Seattle University's student newspaper since 1933

The Spectator

Seattle University's student newspaper since 1933

The Spectator

Seattle University's student newspaper since 1933

The Spectator

Students Not Won Over By Obamacare

From 2009 to 2013, it has been quite a roller coaster ride for President Barack Obama’s Affordable Care Act, better known as Obamacare. Signed into law by Obama on March 23rd, 2010, and upheld in the Supreme Court on June 28th, 2012, the law has since moved forward amidst questions and uncertainty in the efforts to make the act work for the public.

The goal was to provide insurance to all Americans, especially to those who needed it the most—youth. Students between the ages of 18 to 34 were seen as the group that needed the insurance, and the Obama administration worked to advertise the bill particularly to that age group.

As of December 2013, however, only 20 percent of the college student population had signed up for the Affordable Care Act (ACA). A number which is lower than what the Obama Administration had expected. Such could be a result of a number of things including receiving adequate insurance from other sources.

Amy Teresa, junior, junior, says, “I have insurance from the school.” Many universities provide insurance to students. In addition, retailers and other companies often provide insurance to their employees and that is another reason why this hasn’t appealed to students the way the lawmakers would have wanted.

Workers employed at companies like Fred Meyer and Safeway are insured through the employer and their insurances usually cover for 80 percent of the total costs.

The ACA dictates that students can stay on their parents’ insurance until the age of 26 regardless of their marital status. This makes it easier for students to have access to insurance.

Avery Caruthers, junior, stated that she too is on her parents’ insurance and also pointed out that students may not have a lot of knowledge about Obamacare, despite the effort by the advertisement campaigns.

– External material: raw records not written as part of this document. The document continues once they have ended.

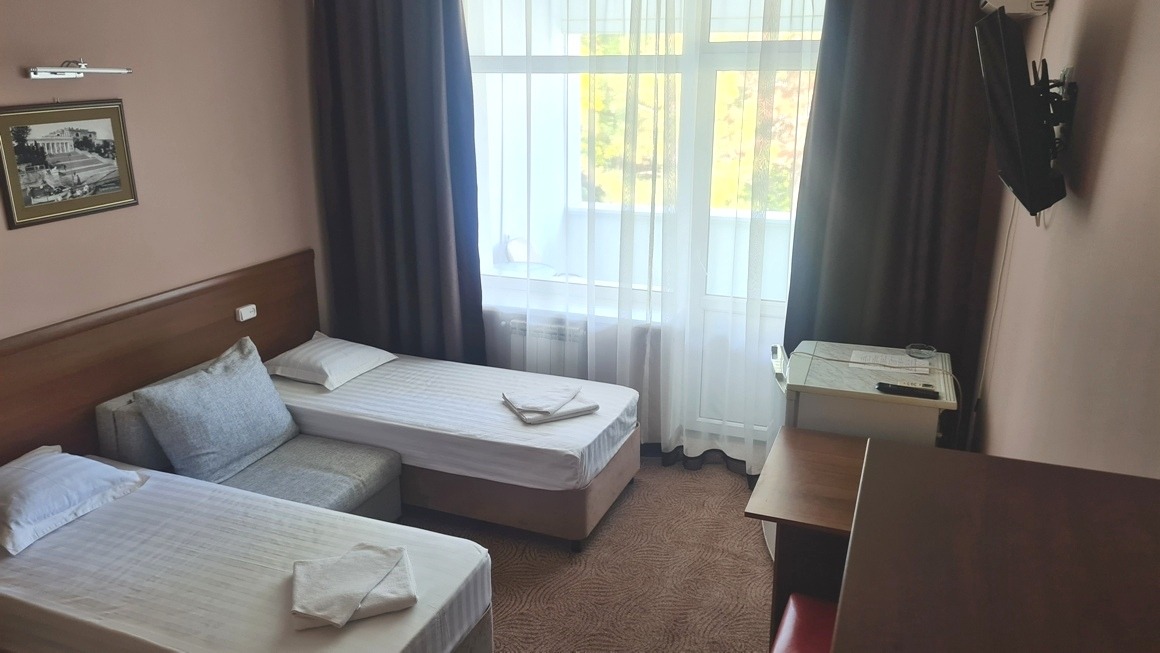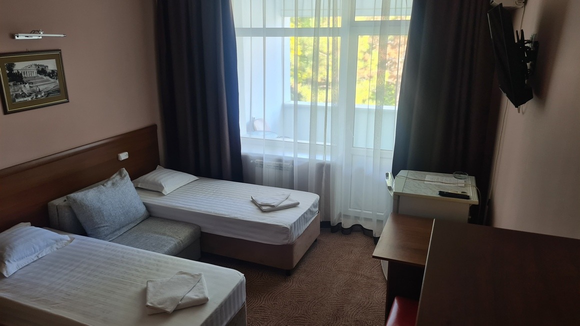 площадь номера 25 кв.м. (номер находится на 4-м этаже. Четыре односпальных кровати, прикроватные тумбочки, комод, шкаф, журнальный столик со стульями, телевизор, холодильник, кондиционер. При входе стоит тумбочка для обуви, вешалка. Санузел с душем, туалетом, раковиной для умывания. В номере имеется балкон или лоджия).
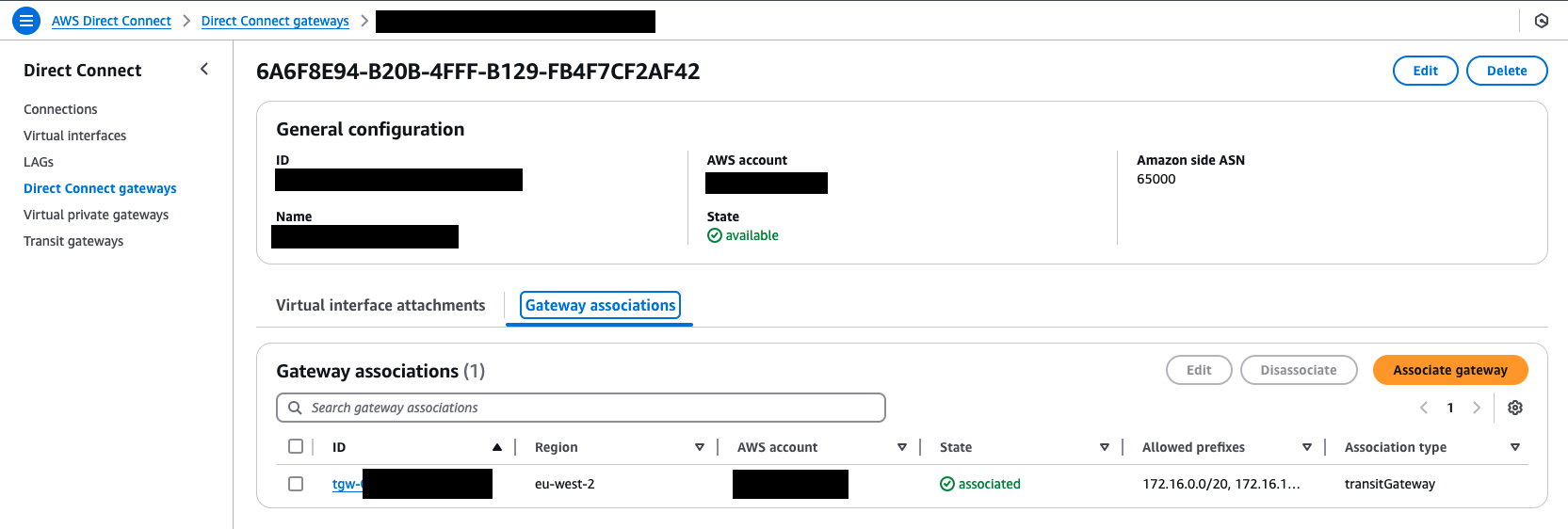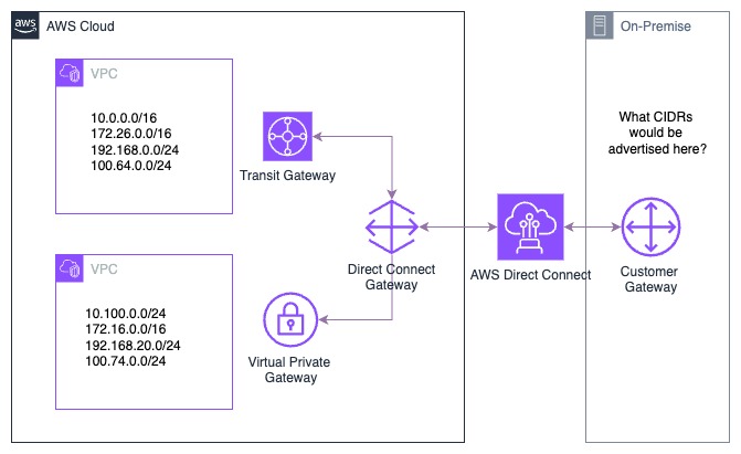 Firstly, this is just an example of a wider customer example! It wasn’t quite set up this way, but this is summarised to show the potential of two different ways to connect your network to AWS. In reality, the customer did have something similar setup, but connected to two different types of setup, that we came in to resolve for them. For this we shall look at the Allowed Prefixes list across both association types.
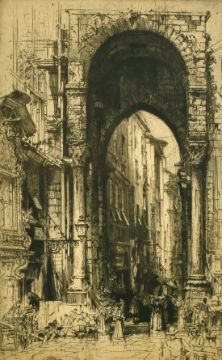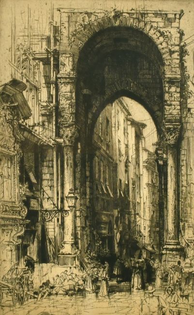 Hedley Fitton, 'The City gateway, Genoa', etching, signed in pencil, Inns & Blake trade label verso, 18" x 11.5", (46x29cm).

Louisa Edgerly, a professor of communications and journalism at Washington University, pointed out that enrollment may be slow because students often work multiple jobs and focus mainly on getting by and paying bills. She worked with students in a communication leadership program to interview young people about this very topic, finding that answers were varied.

“Several people we spoke to were also very skeptical about both the for-profit insurance industry and its ability to deliver truly affordable insurance plans, and about the U.S. health care industry, with its opaque schemes, non-transparent pricing of services, and confusing rules and regulations,” Edgerly said. “So, this attitude seems to have made them reluctant or slower to sign up for individual plans through the health exchange services.”

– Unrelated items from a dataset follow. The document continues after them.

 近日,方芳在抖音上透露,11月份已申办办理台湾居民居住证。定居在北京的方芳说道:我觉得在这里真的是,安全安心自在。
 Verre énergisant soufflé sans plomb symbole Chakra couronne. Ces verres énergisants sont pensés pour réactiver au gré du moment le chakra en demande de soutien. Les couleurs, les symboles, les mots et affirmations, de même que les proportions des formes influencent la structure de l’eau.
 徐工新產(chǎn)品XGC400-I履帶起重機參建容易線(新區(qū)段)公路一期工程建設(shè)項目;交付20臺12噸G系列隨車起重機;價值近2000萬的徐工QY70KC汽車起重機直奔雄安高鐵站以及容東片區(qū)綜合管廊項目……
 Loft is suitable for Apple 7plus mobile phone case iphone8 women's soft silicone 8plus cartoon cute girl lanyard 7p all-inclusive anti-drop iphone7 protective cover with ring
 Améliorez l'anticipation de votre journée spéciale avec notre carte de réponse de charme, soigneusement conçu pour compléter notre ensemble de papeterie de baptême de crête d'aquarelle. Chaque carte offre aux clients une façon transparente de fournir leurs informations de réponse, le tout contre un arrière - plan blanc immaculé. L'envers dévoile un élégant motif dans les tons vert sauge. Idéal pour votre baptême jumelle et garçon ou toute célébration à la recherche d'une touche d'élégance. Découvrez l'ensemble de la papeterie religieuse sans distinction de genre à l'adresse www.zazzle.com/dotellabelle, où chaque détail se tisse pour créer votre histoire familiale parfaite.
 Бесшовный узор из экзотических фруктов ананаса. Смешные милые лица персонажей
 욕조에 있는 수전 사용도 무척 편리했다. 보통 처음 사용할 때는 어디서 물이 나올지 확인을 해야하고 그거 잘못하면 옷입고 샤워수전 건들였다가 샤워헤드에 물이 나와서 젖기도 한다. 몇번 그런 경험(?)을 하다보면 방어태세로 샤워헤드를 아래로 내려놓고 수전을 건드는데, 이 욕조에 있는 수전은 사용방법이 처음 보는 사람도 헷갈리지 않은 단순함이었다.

However, Anis Beyzaee, a student of Bellevue College plans to sign up. The cost of having insurance under the ACA could be zero depending on the income and the size of the family, he said—a piece of information not known to all.

“From what we heard in our research project, many young adults do not have much information about exactly what is available to them now through the ACA,” Edgerly said in an email. “Information is out there, and they could find it if they searched, but the motivation to search for it seems to be low among relatively healthy young adults.”

Washington state has had over 69,000 people sign up for Obamacare and is considered to be one of the states where the ACA has tasted success.

Even with the glitches in the system that made online application difficult and forced the White House to make official statements, the Affordable Care Act seems to have picked up and even though the initial signups says a different story, it’ll change with time. Considering the fact that we have more insured people than we did yesterday, we need to give this time to see how it plays out and whether or not it appeals to our student body remains a question that will be answered in the future.